> **RECORDS SHOWN**:
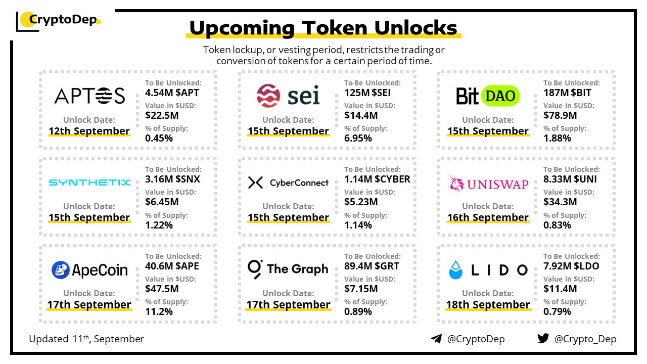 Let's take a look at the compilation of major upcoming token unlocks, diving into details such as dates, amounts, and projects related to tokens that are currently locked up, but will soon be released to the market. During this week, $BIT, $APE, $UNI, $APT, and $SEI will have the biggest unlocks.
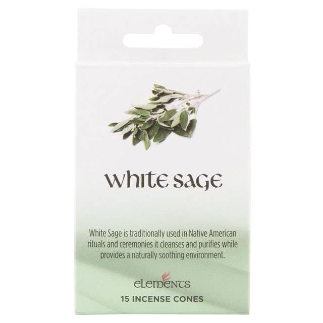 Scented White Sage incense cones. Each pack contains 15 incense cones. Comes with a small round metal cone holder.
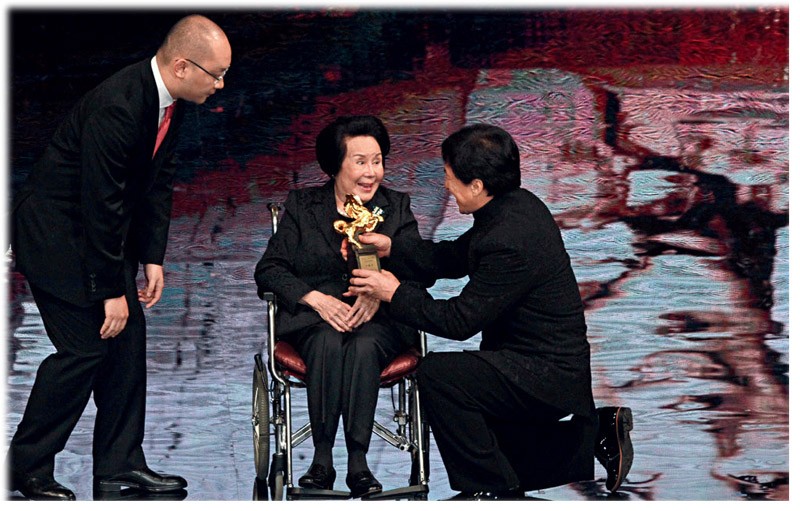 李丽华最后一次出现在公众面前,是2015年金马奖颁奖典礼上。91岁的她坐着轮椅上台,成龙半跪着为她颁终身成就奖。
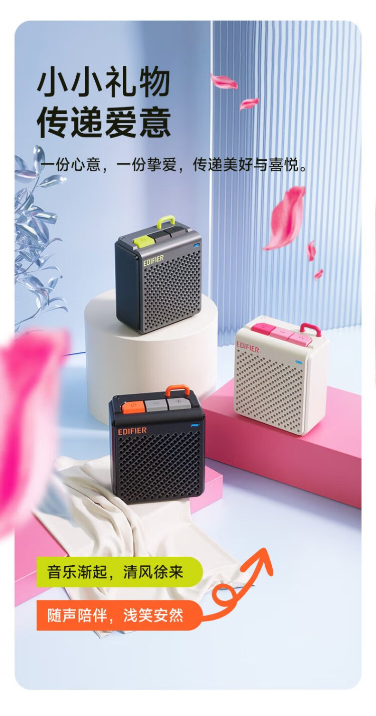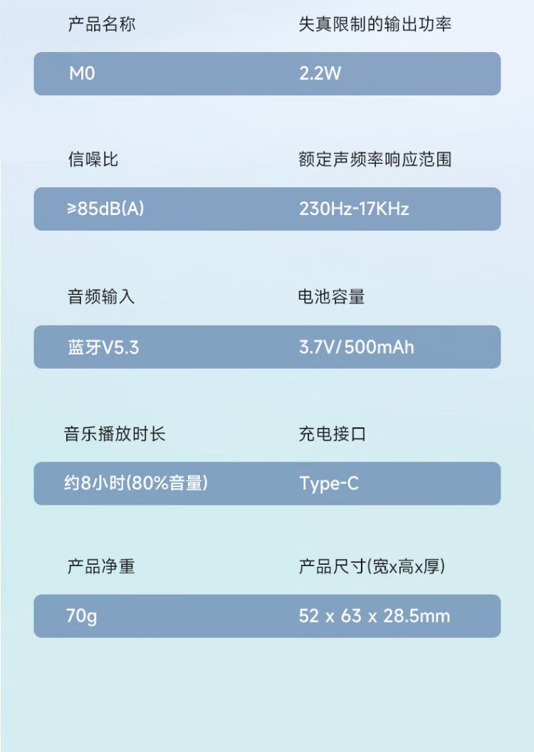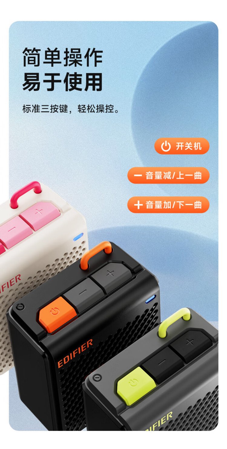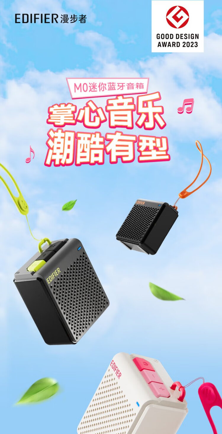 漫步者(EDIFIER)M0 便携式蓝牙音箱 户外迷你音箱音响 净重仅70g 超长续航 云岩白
...
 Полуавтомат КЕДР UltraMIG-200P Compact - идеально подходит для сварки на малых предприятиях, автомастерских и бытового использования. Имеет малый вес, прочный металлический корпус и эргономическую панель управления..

> **REQUIRED WORK**: Above are the records; restate exactly the lines from the one containing "Let's take a" through the one containing "漫步者(EDIFIER)M0 便携式蓝牙音箱 户外迷你音箱音响", keeping pictures out.

> **TASK RESULT**:
 Let's take a look at the compilation of major upcoming token unlocks, diving into details such as dates, amounts, and projects related to tokens that are currently locked up, but will soon be released to the market. During this week, $BIT, $APE, $UNI, $APT, and $SEI will have the biggest unlocks.
 Scented White Sage incense cones. Each pack contains 15 incense cones. Comes with a small round metal cone holder.
 李丽华最后一次出现在公众面前,是2015年金马奖颁奖典礼上。91岁的她坐着轮椅上台,成龙半跪着为她颁终身成就奖。
 漫步者(EDIFIER)M0 便携式蓝牙音箱 户外迷你音箱音响 净重仅70g 超长续航 云岩白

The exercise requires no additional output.